SQLのupdateとは?テーブル内のレコードを更新するためのUPDATEの文法
SQLにおけるデータ操作言語 (DML)の1つで、テーブル内のデータ内容を変更するときに使う命令がUPDATE文です。
UPDATE文の基本に立ち返り、計算式、case式、複数テーブルの取り扱いについて、説明して行きましょう。
目次
1.レコードを更新する
UPDATE文は1つのテーブル内の1レコード、または複数レコードのデータを変更する文です。

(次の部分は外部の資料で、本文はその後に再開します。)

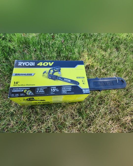 Includes a Brushless Motor for Increased Run Time and Power 14 in. Bar and Chain Optimized for Cordless Efficiency Works with all RYOBI 40V Batteries If you've wondered whether a cordless chainsaw could perform as well as gas, Ryobi has your answer. The 14 in. 40V Brushless Chainsaw includes features to make your cutting experiences just as efficient as a gas unit, with the convenience of battery powered operation. With a 4.0 Ah 40V lithium-ion battery and a brushless motor, this saw delivers the fast cutting speed and higher torque you would expect from a gas model. With features like side access chain tensioning, an adjustable automatic oiler, and on-board tool storage, you'll experience easy, comfortable operation for any clearing jobs. As part of the Ryobi 40V system, it is compatible with all 40V batteries and chargers. Best of all, the Ryobi 40V Brushless chainsaw is backed by 5-year warranty - the type of coverage usually found only with professional gas models. With all these gas-like features and power, you can trust your job to Ryobi. GAS-LIKE POWER 14 in. bar and chain Side access chain tensioning and on-board tool storage for easy adjustments Oil level indicator window Includes RYOBI 40V 4.0 Ah lithium battery Works with all RYOBI 40V lithium batteries
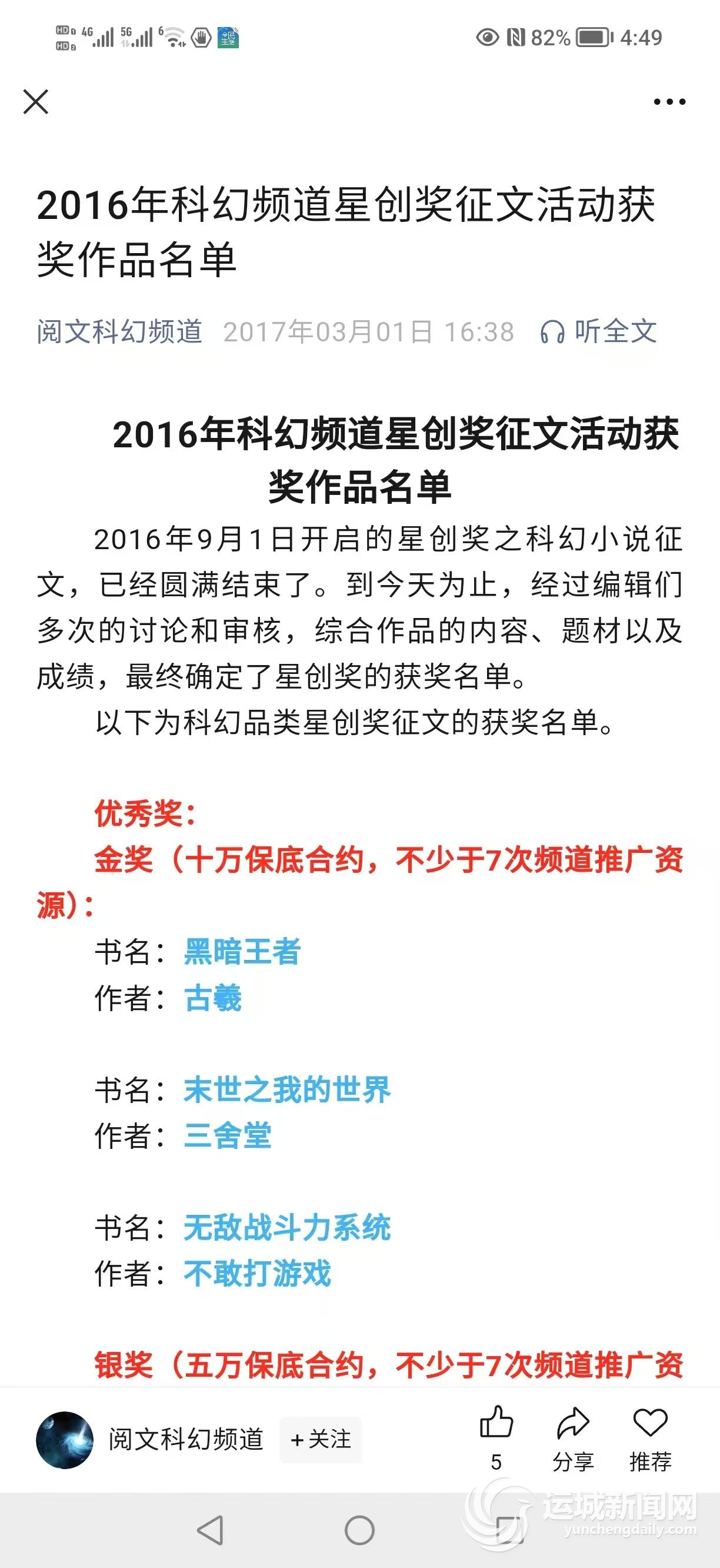 像哪吒一样,他东冲西突,以惊人的毅力与灵性,在网络文学创作上闯出了一条科幻网络小说写作之路。他的作品由起点中文网等大型门户网站推荐,在阅读排行榜上名列前茅。他在虚拟的网络文学世界写出了运城文学的高光时刻。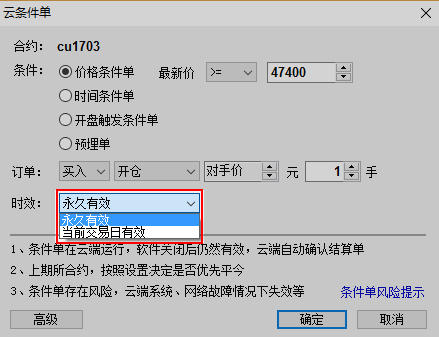 答:“永久有效”:设置为永久有效条件单,会自动确认结算单,不需要每天手动确认结算单,条件单一直有效,直至触发。 “当前交易日有效”:当日有效是指当前交易日条件单有效,对于有夜盘的合约,当前交易日是指前一天的夜盘时间+当天的白盘交易时间。(来源 程序化久久 )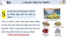 SULFUR VÀ SULFUR DIOXIDE 1 ĐƠN CHẤT SULFUR • Trạng thái tự nhiên • Cấu tạo phân tử NỘI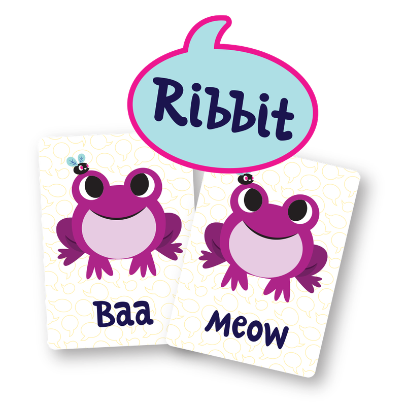 Sounds easy, except along with the picture, each card also has the sound a DIFFERENT animal makes written below it. If those sounds match, yell out the animal! Do you meow or moo? oink or call out pig? Can your brain keep up with your mouth to score the most points?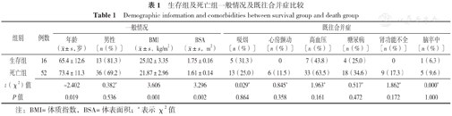 死亡组患者年龄大于生存组,BMI、BSA小于生存组,差异有统计学意义(P<0.05);两组性别及既往合并症比较,差异无统计学意义(P>0.05),见表1。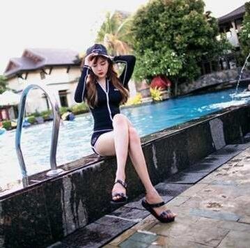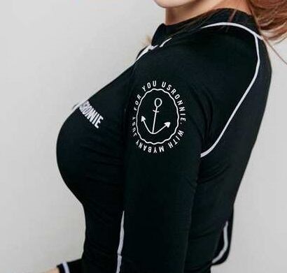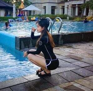 シンプルでスポーティーなデザインのラッシュガード&スポーツビキニの三点セット。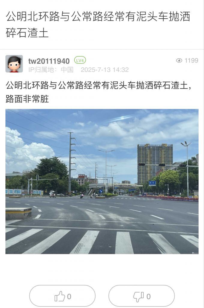 29. 帖文《公明北環(huán)路與公常路經(jīng)常有泥頭車拋灑碎石渣土》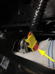 Note1x connector, Use caution not to damage the connector/harness, Support the knee air bag while connecting the connector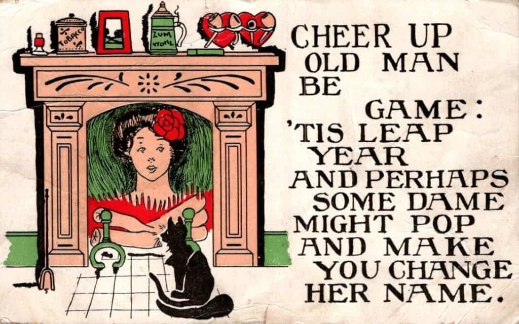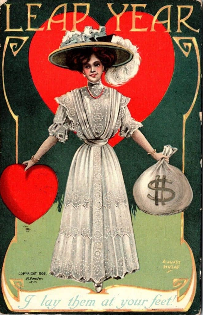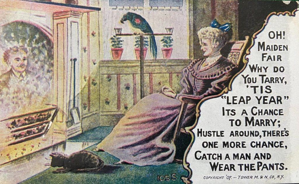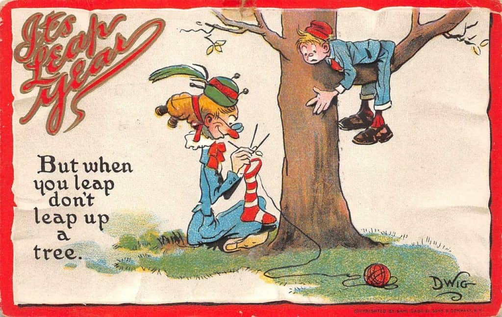 [Editor’s note: When the preparation of this article began, it was just like every other one of the nearly nine-hundred articles we have presented to our readers each Sunday, Tuesday, and Thursday since late May 2019. I do not ask for your forgiveness but would appreciate your understanding of my situation. The situation is simple, I simply forgot that Postcard History had already presented a thorough and well researched contribution on Leap Year written by our contributor Kaya Fellcheck. Kaya’s article was entitled Leap Year! One of Mankind’s Headaches and it appeared on March 2, just two days after the last Leap Day in 2020. To compound the situation, a second article entitled Leap Year, Leap Day, Leapers, and Postcards! was published on August 1, 2022. The reason I am embarrassed over the second article is that I wrote it.]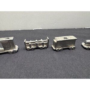 Enhance your collection or decor with this intricate 6-piece vintage pewter train set. Compact, durable, and timeless, it makes a unique gift or display piece. Vintage birthday cake candle holders.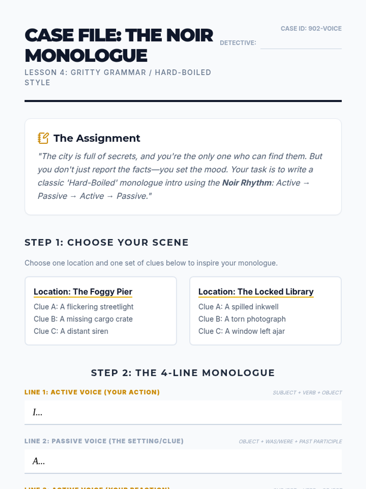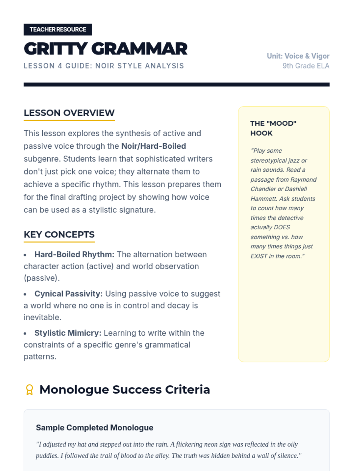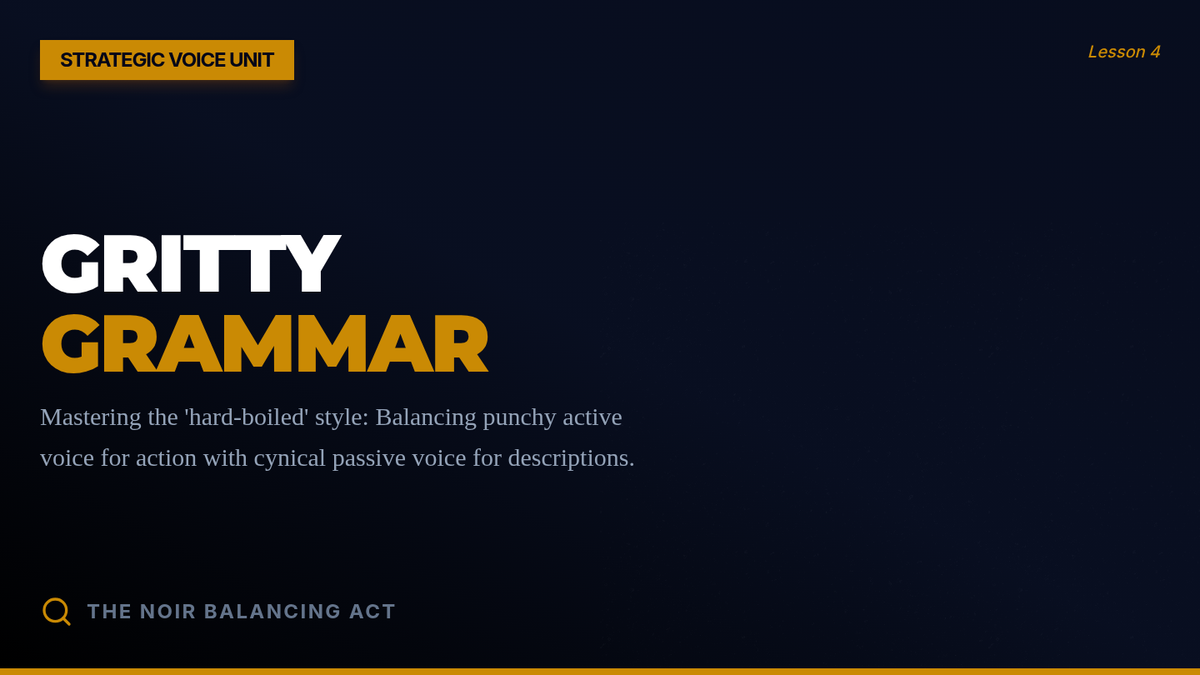Analysis of the 'hard-boiled' noir style, balancing punchy active voice with descriptive passive voice to create a gritty, cynical atmosphere.
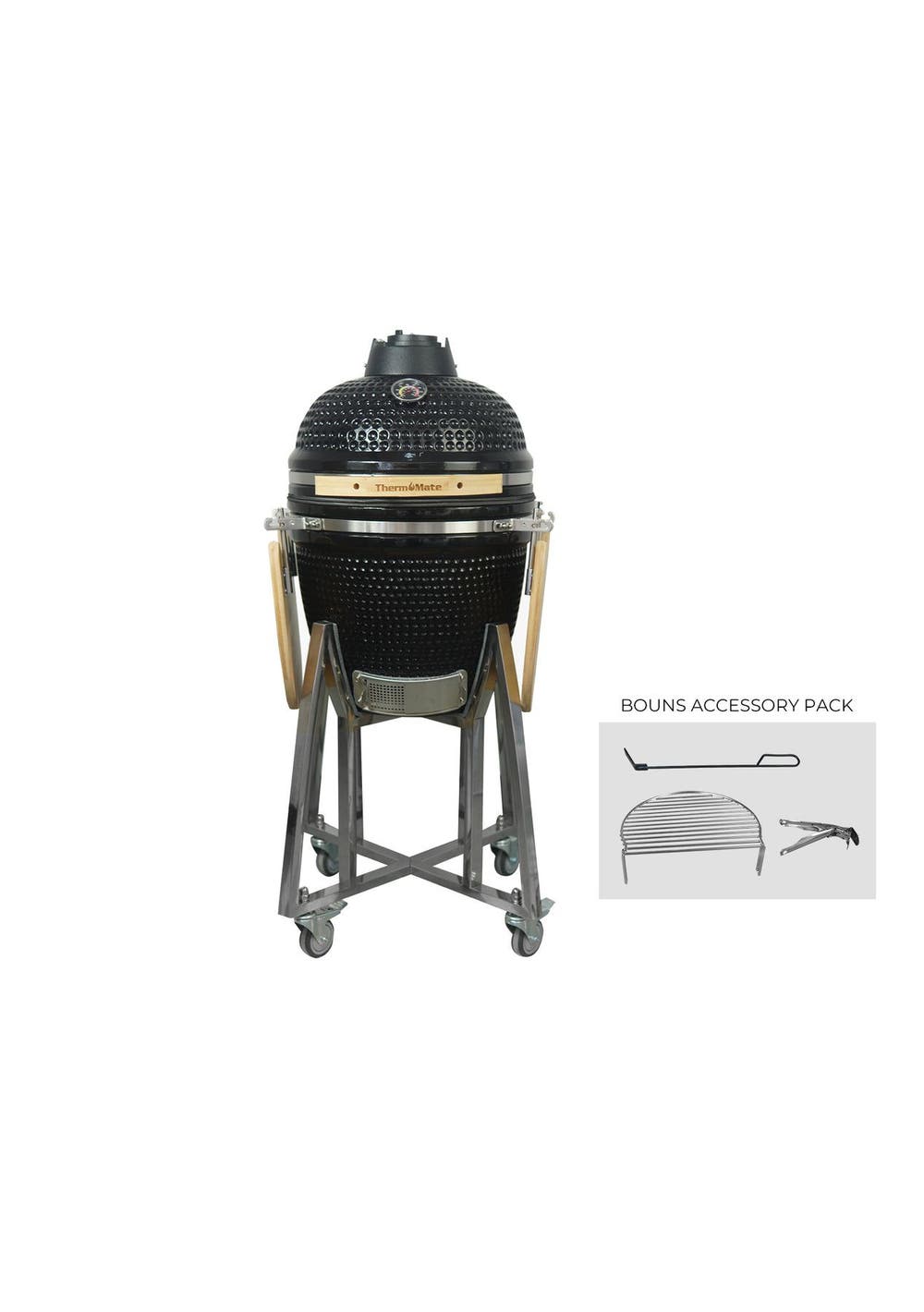 PR71967 - Kamado grill 18inch BlackElevate your backyard grilling experience with this kamado grill. This versatile ceramic charcoal grill offers a generous 171 square-inch cooking space, allowing you to grill, smoke, and even bake. Its robust ceramic construction ensures superior heat retention and even cooking, while the adjustable vent system allows precise temperature control for grilling, smoking, and baking. Adding to its convenience, the grill includes a built-in thermometer for easy monitoring and foldable, bamboo side tables for extra workspace. Experience outdoor cooking like never before with this kamado grill.FEATURESDurable and portable designCeramics heat deflectorPrecision temperature controlVersatile cooking optionsStrong support stainless steel standQuick and easy clean-upBonus accessory kit including rain cover, cooking grid expander, roast nets clip, ash toolSpecificationMain body Diameter: 18inchDia of a cooking grid: 38.3cmAssembled dimension(LxWxH): 121x65.5x108cmOperating height: 79.5cmColor: BlackN.W: 54KGTemperature resistance: 1000 degreesPackage: 2CTN

全てのレコードを更新することも、条件に当てはまるレコードを選択して更新することもできます。
1-1.基本構文
UPDATE テーブル名 SET 列名 = 変更内容, ... WHERE 条件式;
「テーブル名」は、データを変更するテーブル名を指定します。
「列名 = 変更内容」は、変更対象の列(「列名」)をどのように変更するか(「変更内容」)を指定します。「列名 = 変更内容」をカンマで区切って、複数指定することもできます。「列名」で指定されていない列は変更されません。
「条件式」はデータを変更するレコードを絞り込むための式です。指定の仕方はSELECT文と同様です。
1-2.テストデータ
SQLを説明するに当たって、理解しやすいように次の図のようなモデルケースを設定します。ここから先は、具体例や使用例などを説明する際に、このモデルケースの用語やデータを使って説明します。
商品
商品ID | 商品名 | 価格 |
S01 | ボールペン | 150 |
S02 | 消しゴム | 80 |
S03 | クリップ | 200 |
納品
納品ID | 顧客ID |
D01 | C01 |
D02 | C22 |
D03 | C03 |
納品明細
納品ID | 明細番号 | 商品ID | 顧客ID | 納品数 |
D01 | 1 | S01 | C01 | 10 |
D02 | 1 | S01 | C02 | 30 |
D02 | 2 | S02 | C02 | 20 |
D03 | 1 | S02 | C03 | 40 |
D03 | 2 | S03 | C03 | 60 |
1-3.全ての行を更新する
「WHERE 条件式」をまったく指定しないと、すべてのレコードが変更対象となります。
次のようなUPDATE文を実行してみましょう。
UPDATE 商品 SET 価格 = 100;
このUPDATE文を実行すると、“商品“表の“価格“列のすべての値は100に変更されます。実行後に検索をすると、“商品“表は次のようになります。
商品
商品ID | 商品名 | 価格 |
S01 | ボールペン | 100 |
S02 | 消しゴム | 100 |
S03 | クリップ | 100 |
1-4.条件に当てはまる行を更新する
「WHERE 条件式」の条件式に条件を指定すると、当てはまるレコードのデータが変更対象となります。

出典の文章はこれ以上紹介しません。